■ Material for the task
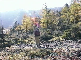 | 35mスチルカメラとVIDEOカメラを交互に撮って居たのでうっかりメガネを登山路の道端に置き忘れ、気が付いて今登って来た道を戻って避難小屋付近を探し回ったら何と無残にもつぶれていたのを思い出した。 |
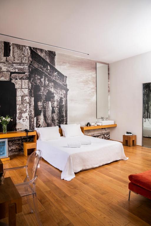 Las habitaciones presentan una decoración moderna con toques históricos. Disponen de suelo de parquet, vinilos fotográficos de gran tamaño, aire acondicionado, TV de pantalla plana, ducha de efecto lluvia y carta de almohadas.
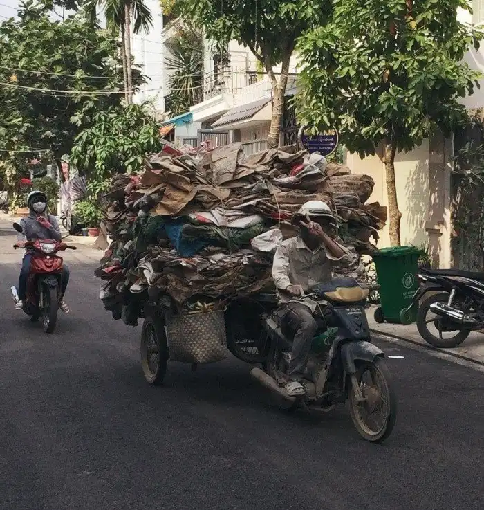 Парень из моего района в Хошимине. Он зарабатывает на жизнь сбором картона для дальнейшей переработки.
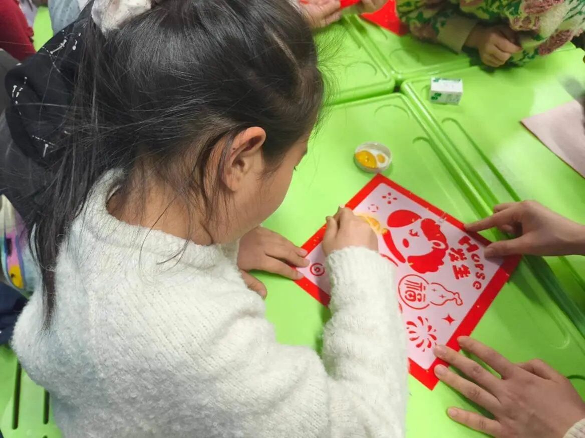 活动现场,学生干部孙瑞龄化身文化传播使者,以妙趣横生的语言为小学生们揭开“福”字的神秘面纱。从甲骨文中“福”字那象形的形态,仿佛能看到古人对幸福生活的质朴祈愿;到历代文人墨客笔下“福”字所蕴含的丰富哲理与美好期许,孩子们听得如痴如醉,眼中闪烁着对传统文化的好奇与渴望。紧接着,学生干部又现场示范福字拓印的全过程,纸张如何精准铺放、墨汁怎样均匀涂抹、拓包怎样轻轻拍打,每一个步骤都讲解得细致入微、演示得精准到位。
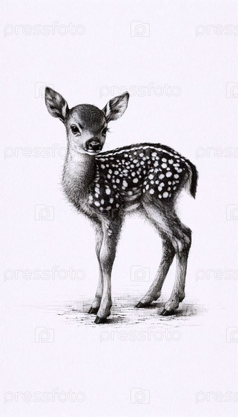 Fawn ink drawing art print, Ai generated image A Аи создал изображение с помощью чернил
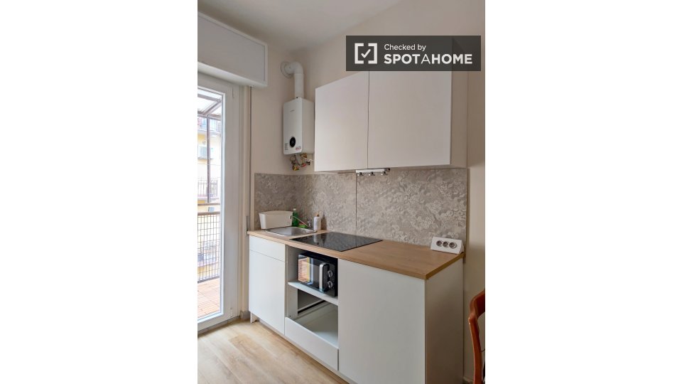 Affittasi monolocale arredato in Viale Coni Zugna. L'immobile si trova al primo piano di una palazzina senza ascensore.
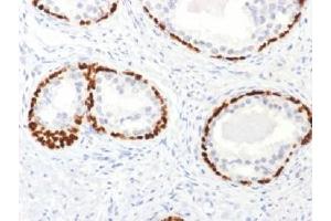 P63 is a homolog of the tumor suppressor p53. It is identified in basal cells in the epithelial layers of a variety of tissues, including epidermis, cervix, urothelium, breast and prostate. p63 was detected in nuclei of the basal epithelium in normal prostate glands, however, it was not expressed in malignant tumors of the prostate. As a result, p63 has been reported as a useful marker for differentiating benign from malignant lesions in the prostate, particularly when used in combination with markers of high molecular weight cytokeratins and the prostate-specific marker AMACR (P504S). p63 has also been shown to be a sensitive marker for lung squamous cell carcinomas (SqCC), with a sensitivity of ~90 % . Specificity for lung SqCC, vs. lung adenocarcinoma (LADC), is approximately 80 %. In breast tissue, p63 has been identified in myoepithelial cells of normal ducts.

■ Problem requirements
The result should be a verbatim copy of the data, free of pictures.

■ Reply to the exercise
 | 35mスチルカメラとVIDEOカメラを交互に撮って居たのでうっかりメガネを登山路の道端に置き忘れ、気が付いて今登って来た道を戻って避難小屋付近を探し回ったら何と無残にもつぶれていたのを思い出した。 |
 Las habitaciones presentan una decoración moderna con toques históricos. Disponen de suelo de parquet, vinilos fotográficos de gran tamaño, aire acondicionado, TV de pantalla plana, ducha de efecto lluvia y carta de almohadas.
 Парень из моего района в Хошимине. Он зарабатывает на жизнь сбором картона для дальнейшей переработки.
 活动现场,学生干部孙瑞龄化身文化传播使者,以妙趣横生的语言为小学生们揭开“福”字的神秘面纱。从甲骨文中“福”字那象形的形态,仿佛能看到古人对幸福生活的质朴祈愿;到历代文人墨客笔下“福”字所蕴含的丰富哲理与美好期许,孩子们听得如痴如醉,眼中闪烁着对传统文化的好奇与渴望。紧接着,学生干部又现场示范福字拓印的全过程,纸张如何精准铺放、墨汁怎样均匀涂抹、拓包怎样轻轻拍打,每一个步骤都讲解得细致入微、演示得精准到位。
 Fawn ink drawing art print, Ai generated image A Аи создал изображение с помощью чернил
 Affittasi monolocale arredato in Viale Coni Zugna. L'immobile si trova al primo piano di una palazzina senza ascensore.
 P63 is a homolog of the tumor suppressor p53. It is identified in basal cells in the epithelial layers of a variety of tissues, including epidermis, cervix, urothelium, breast and prostate. p63 was detected in nuclei of the basal epithelium in normal prostate glands, however, it was not expressed in malignant tumors of the prostate. As a result, p63 has been reported as a useful marker for differentiating benign from malignant lesions in the prostate, particularly when used in combination with markers of high molecular weight cytokeratins and the prostate-specific marker AMACR (P504S). p63 has also been shown to be a sensitive marker for lung squamous cell carcinomas (SqCC), with a sensitivity of ~90 % . Specificity for lung SqCC, vs. lung adenocarcinoma (LADC), is approximately 80 %. In breast tissue, p63 has been identified in myoepithelial cells of normal ducts.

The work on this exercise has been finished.